* _RECORDED DATA_
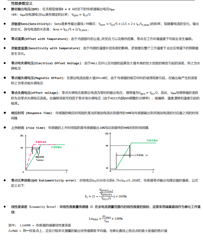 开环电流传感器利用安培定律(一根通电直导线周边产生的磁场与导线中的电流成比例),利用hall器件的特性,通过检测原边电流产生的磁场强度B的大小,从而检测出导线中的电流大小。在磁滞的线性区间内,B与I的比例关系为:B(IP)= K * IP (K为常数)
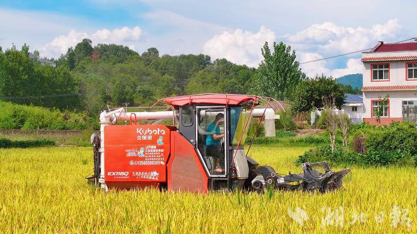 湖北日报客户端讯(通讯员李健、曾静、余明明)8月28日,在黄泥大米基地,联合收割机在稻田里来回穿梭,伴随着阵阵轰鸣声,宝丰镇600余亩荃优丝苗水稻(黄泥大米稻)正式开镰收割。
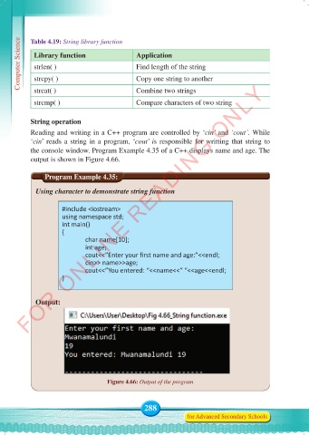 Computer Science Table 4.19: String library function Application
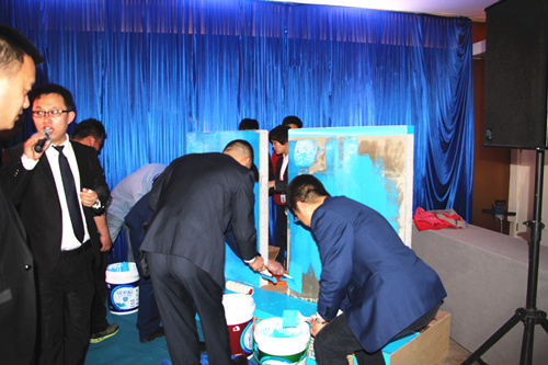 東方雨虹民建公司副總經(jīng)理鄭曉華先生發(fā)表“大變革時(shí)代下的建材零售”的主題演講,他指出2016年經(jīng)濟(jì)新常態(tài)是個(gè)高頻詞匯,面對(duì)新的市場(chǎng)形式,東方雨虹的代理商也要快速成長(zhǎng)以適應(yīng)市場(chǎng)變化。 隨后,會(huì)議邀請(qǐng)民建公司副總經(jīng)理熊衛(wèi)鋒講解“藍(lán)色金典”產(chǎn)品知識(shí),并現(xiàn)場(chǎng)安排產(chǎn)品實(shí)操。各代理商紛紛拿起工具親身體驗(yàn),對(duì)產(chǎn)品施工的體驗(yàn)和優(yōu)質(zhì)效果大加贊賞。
--
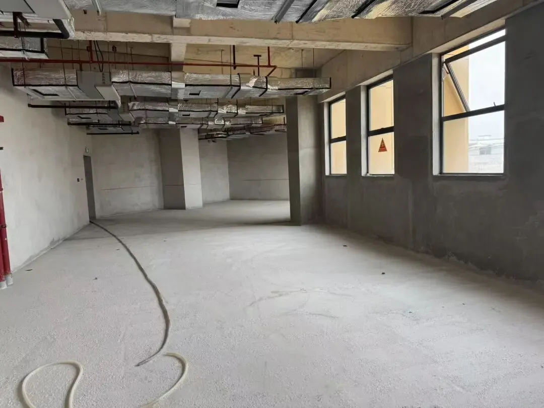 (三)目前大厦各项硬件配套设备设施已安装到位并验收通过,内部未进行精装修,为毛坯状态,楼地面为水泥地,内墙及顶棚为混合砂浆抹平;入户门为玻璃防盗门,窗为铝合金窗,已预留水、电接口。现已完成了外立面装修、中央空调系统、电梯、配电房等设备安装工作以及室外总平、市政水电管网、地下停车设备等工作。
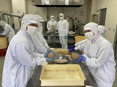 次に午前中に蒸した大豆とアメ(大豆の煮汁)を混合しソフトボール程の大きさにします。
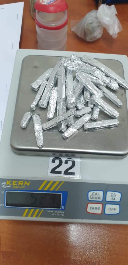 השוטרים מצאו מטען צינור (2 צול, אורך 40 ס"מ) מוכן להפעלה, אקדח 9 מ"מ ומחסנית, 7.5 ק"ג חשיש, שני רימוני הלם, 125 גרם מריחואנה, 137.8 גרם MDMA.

* _YOUR TASK_
Return only the stretch above from the line containing "K * IP (K为常数)" through the line containing "Computer Science Table", word for word and without pictures.

* _OUTPUT_
 开环电流传感器利用安培定律(一根通电直导线周边产生的磁场与导线中的电流成比例),利用hall器件的特性,通过检测原边电流产生的磁场强度B的大小,从而检测出导线中的电流大小。在磁滞的线性区间内,B与I的比例关系为:B(IP)= K * IP (K为常数)
 湖北日报客户端讯(通讯员李健、曾静、余明明)8月28日,在黄泥大米基地,联合收割机在稻田里来回穿梭,伴随着阵阵轰鸣声,宝丰镇600余亩荃优丝苗水稻(黄泥大米稻)正式开镰收割。
 Computer Science Table 4.19: String library function Application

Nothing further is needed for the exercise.